Stephen Canon scanon at apple.com
Mon Jun 19 17:08:44 CDT 2017


> On Jun 19, 2017, at 5:43 PM, David Sweeris <davesweeris at mac.com> wrote:
> 
> Sent from my iPhone
> On Jun 19, 2017, at 13:44, John McCall via swift-evolution <swift-evolution at swift.org <mailto:swift-evolution at swift.org>> wrote:
> 
>>> On Jun 19, 2017, at 1:58 PM, Stephen Canon via swift-evolution <swift-evolution at swift.org <mailto:swift-evolution at swift.org>> wrote:
>>>> On Jun 19, 2017, at 11:46 AM, Ted F.A. van Gaalen via swift-evolution <swift-evolution at swift.org <mailto:swift-evolution at swift.org>> wrote:
>>>> 
>>>> var result: Float = 0.0
>>>> result = float * integer * uint8 +  double   
>>>> // here, all operands should be implicitly promoted to Double before the complete expression evaluation.
>>> 
>>> You would have this produce different results than:
>>> 
>>> 	let temp = float * integer * uint8
>>> 	result = temp + double
>>> 
>>> That would be extremely surprising to many unsuspecting users.
>>> 
>>> Don’t get me wrong; I *really want* implicit promotions (I proposed one scheme for them  way back when Swift was first unveiled publicly).
>> 
>> I don't!  At least not for floating point.  It is important for both reliable behavior and performance that programmers understand and minimize the conversions they do between different floating-point types.
> 
> How expensive is it?

On most contemporary hardware, it’s comparable to a floating-point add or multiply. On current generation Intel, it’s actually a little bit more expensive than that. Not catastrophic, but expensive enough that you are throwing away half or more of your performance if you incur spurious conversions on every operation.

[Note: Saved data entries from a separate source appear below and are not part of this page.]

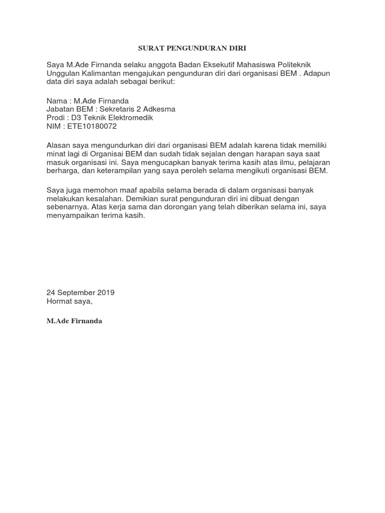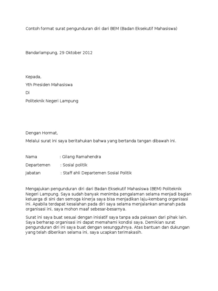 Contoh surat pengunduran diri dari organisasi bem. 15 contoh surat pengunduran diri dari organisasi paling lengkap keputusan untuk mengundurkan diri dari suatu perkumpulan atau kelompok tentu merupakan keputusan yang besar dan bisa memberikan dampak tertentu terhadap diri anda sendiri. Namun terkadang dikarenakan berbagai alasan seseoran harus dan terpaksa untuk mengundurkan diri dari suatu kelompok. Tedapat banyak sekali versi dari surat pengunduran diri organisasi yang beredar di masyarakat mulai dari surat pengunduruan diri osis. Nah demi membantu anda disini kami akan membahas. Mengajukan surat pengunduran diri dari badan eksekutif mahasiswa bem universitas bangun bangsa. Mengundurkan diri adalah sesuatu yang wajar dilakukan oleh siapaun yang berada dalam sebuah tanggung jawab perusahaan organisasi atau instansi lainnya.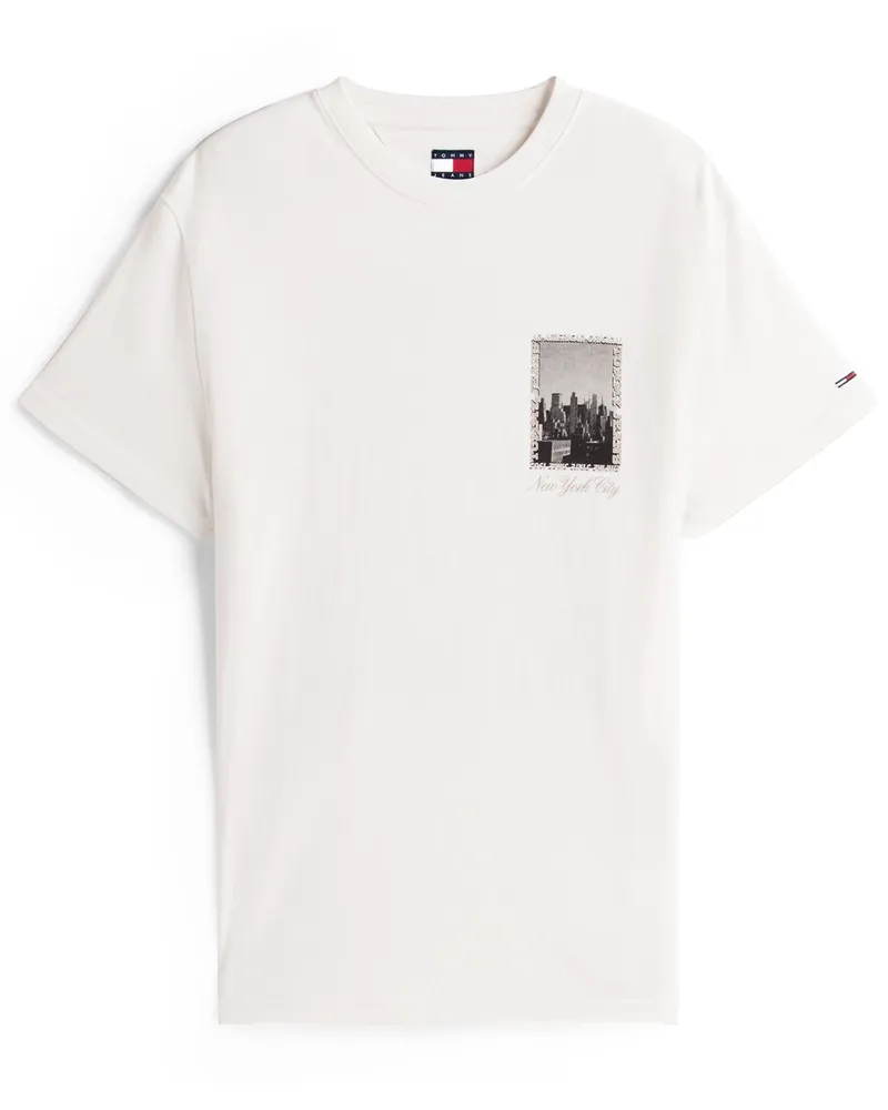 Unifarbener Hoodie mit Skyline-Print in Offwhite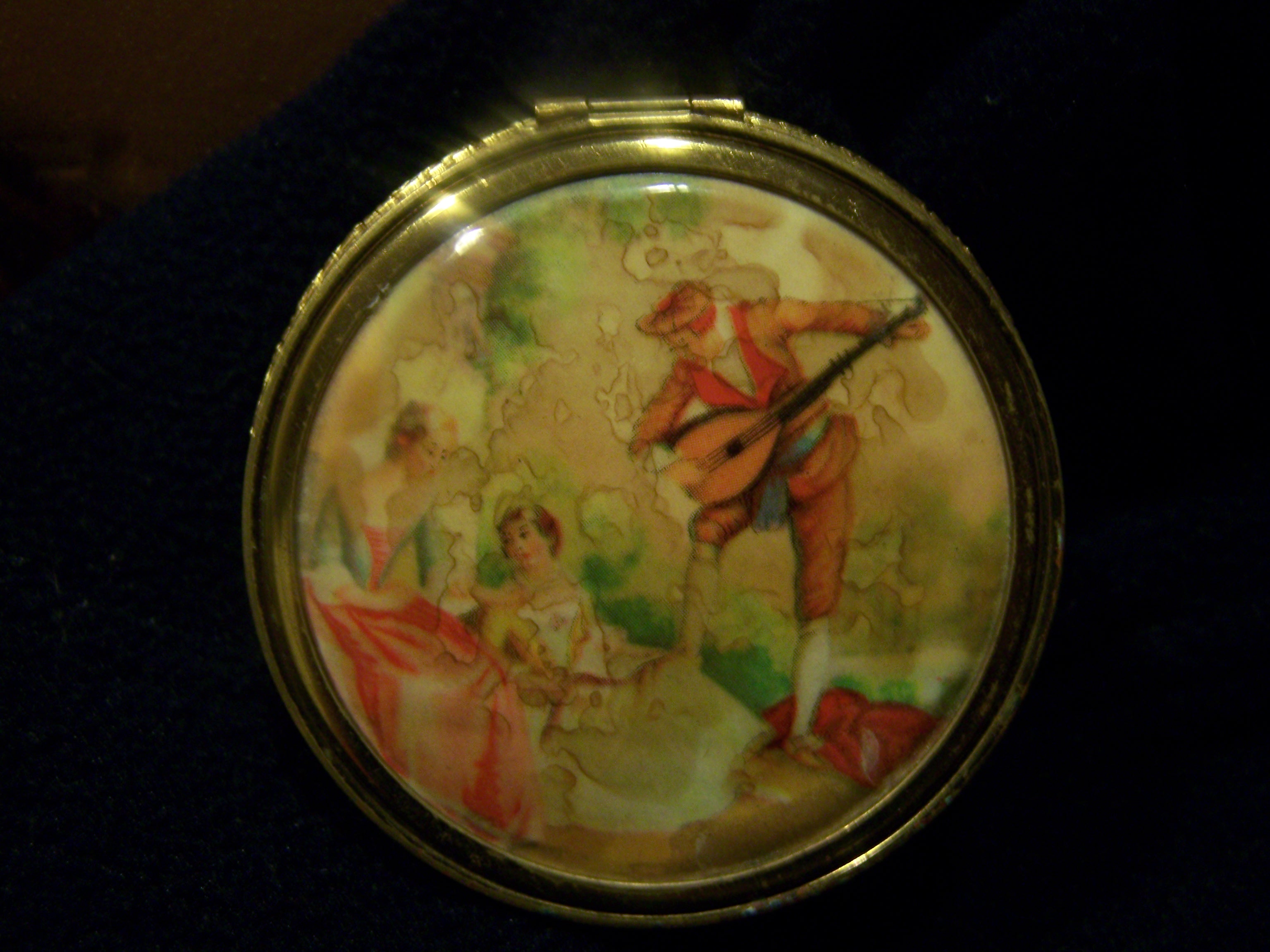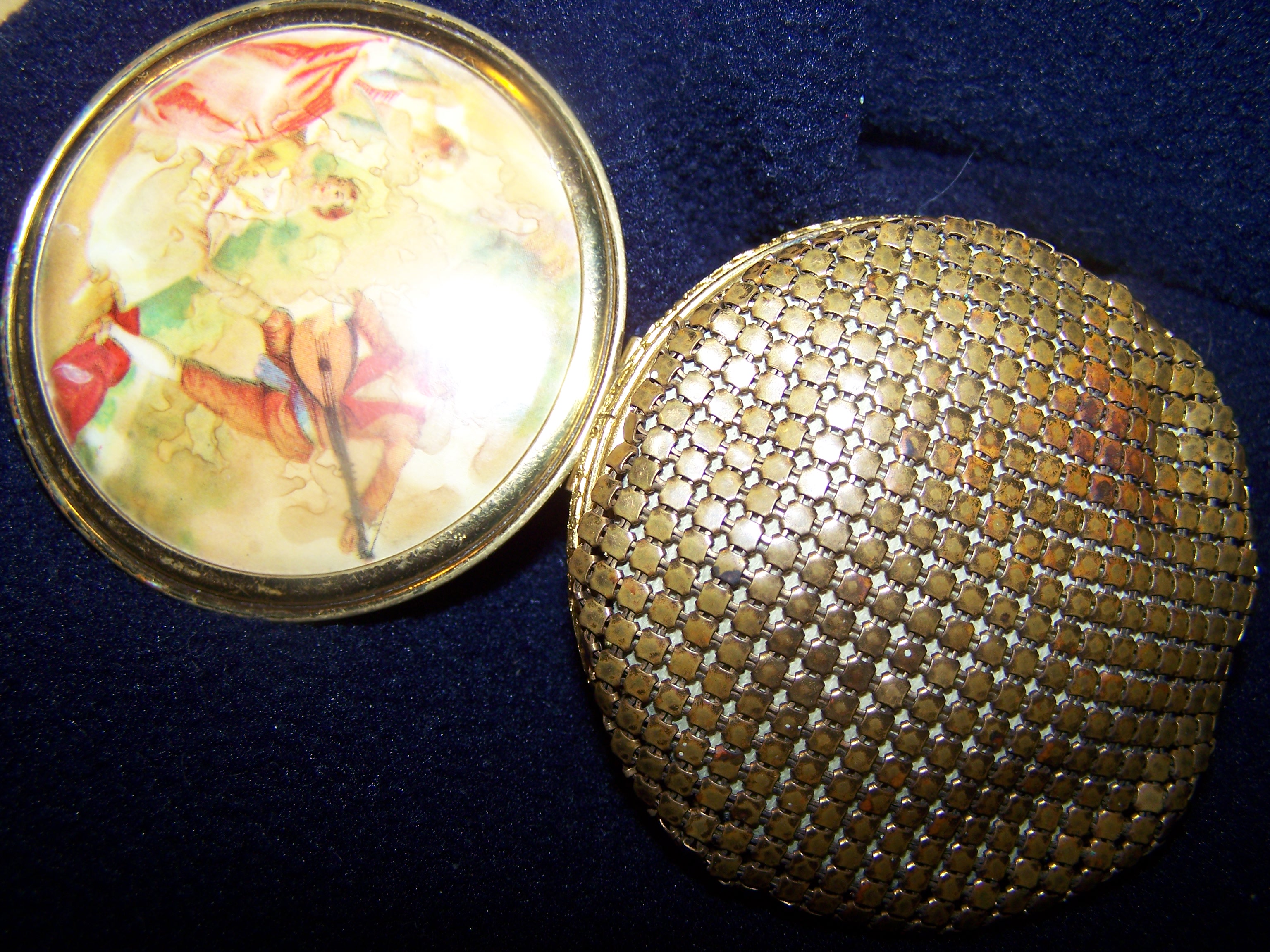 This compact has a pretty picture on the front and the back is a mesh style metal. The interior is some kind of white leather maybe and has an alligator/snake skin texture.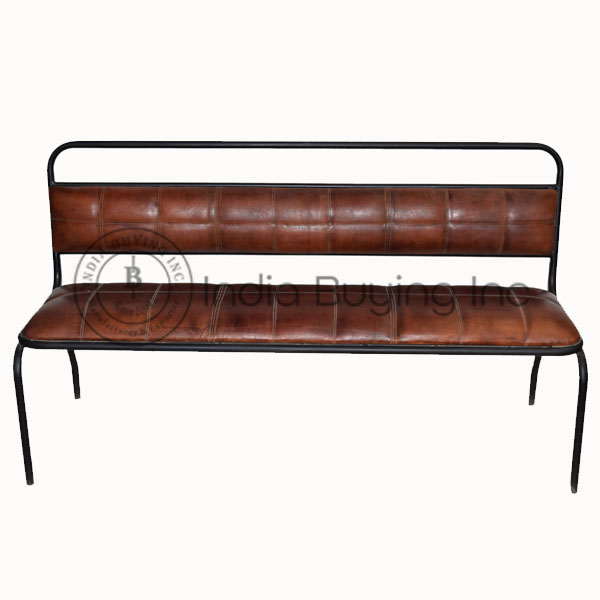 Siège et dossier en cuir véritable vintage industriel Banc de cadre en fer pour restaurant d'intérieur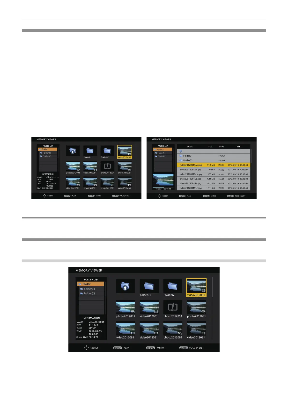 f Display method (displaying in thumbnail view or list view) in the Memory Viewer screen can be set in the [NETWORK/USB] menu →

This is really common in C and C++ where a naked floating-point literal like 1.2 is double:

	float x;
	x *= 1.2;

Instead of a bare multiplication (current generation x86 hardware: 1 µop and 4 cycles latency) this produces a convert-to-double, multiplication, and convert-to-float (5 µops and 14 cycles latency per Agner Fog).